- Theatrical release poster
- Directed by: Sonny Mallhi
- Written by: Solomon Gray; Sonny Mallhi;
- Produced by: Robert Menzies; Sonny Mallhi;
- Starring: Emily van Raay; Andrew Creer;
- Cinematography: Jorel Odell
- Edited by: Jordan Jensen
- Music by: Tom Schraeder; Cj Johnson;
- Production companies: Blumhouse Productions; Shotgun Shack Productions; Zed.Film Production; Ten Thirty One Productions; Eggplant Pictures;
- Distributed by: Gravitas Ventures
- Release dates: July 26, 2018 (Fantasia); December 10, 2021;
- Running time: 93 minutes
- Country: United States
- Language: English

= Hurt (2018 film) =

Hurt is a 2018 American slasher film directed by Sonny Mallhi and written by Solomon Gray and Mallhi.
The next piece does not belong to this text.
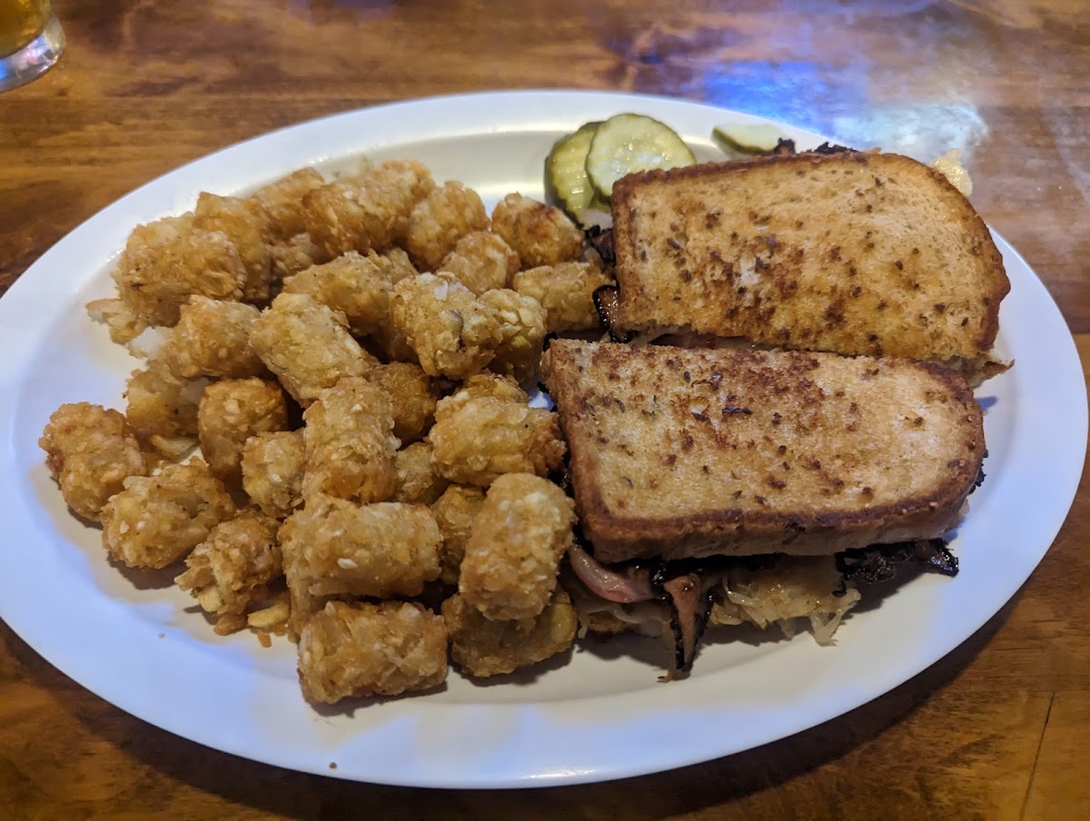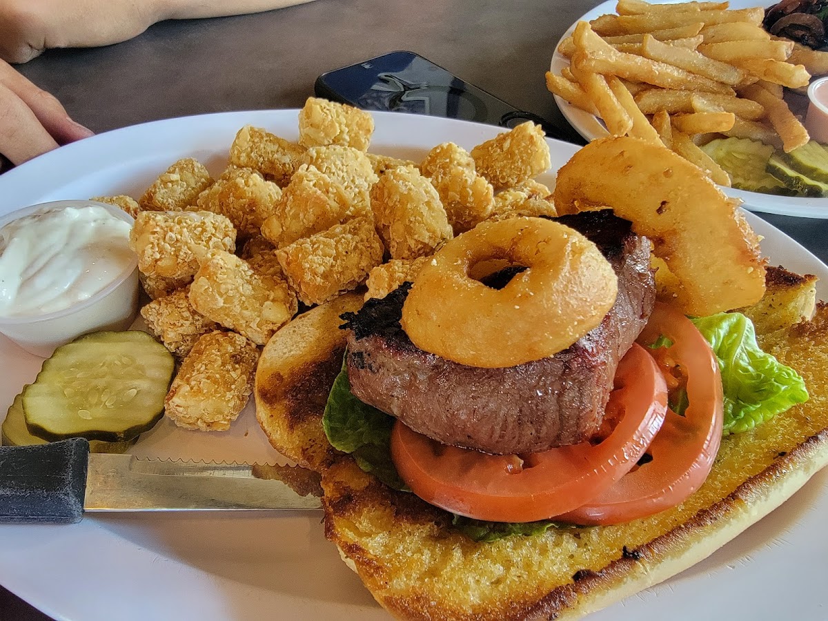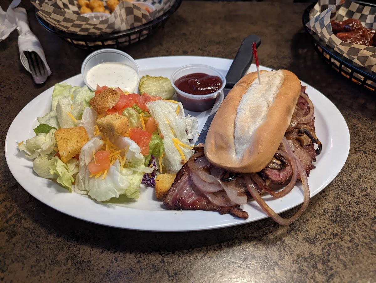 I took this photo after having removed the knife and the onion ring topper. I also had already smashed it down some and consumed the other half! Haha! We visited the area and were pretty hungry. Wikiup Station Sports Pub did NOT disappoint! With a definite pub atmosphere, be prepared for some noise! I ordered the BBQ burger with tots. 10/10! It was saucy and juicy, but also held together as I ate it.

The film stars Emily van Raay and Andrew Creer.

It had its world premiere at the Fantasia International Film Festival on July 26, 2018. It was released on December 10, 2021 by Gravitas Ventures.

==Plot==

Rose moves into a house in the woods close to her sister after her boyfriend gets deployed and things do not go right when Halloween night arrives.

==Cast==
- Emily van Raay as Rose
- Andrew Creer as Tommy
- Michelle Treacy as Dana
- Stephanie Moran as Lily
- Bradley Hamilton as Mark
- Madelaine Gionet as Natalie

==Filming==
Principal photography on the film began in May 2017.

==Release==
It had its world premiere at the Fantasia International Film Festival on July 26, 2018. It was released on December 10, 2021 by Gravitas Ventures.

==Reception==
===Critical response===
Hurt has an approval rating of 71% on review aggregator website Rotten Tomatoes, based on 7 reviews, and an average rating of 5.9/10.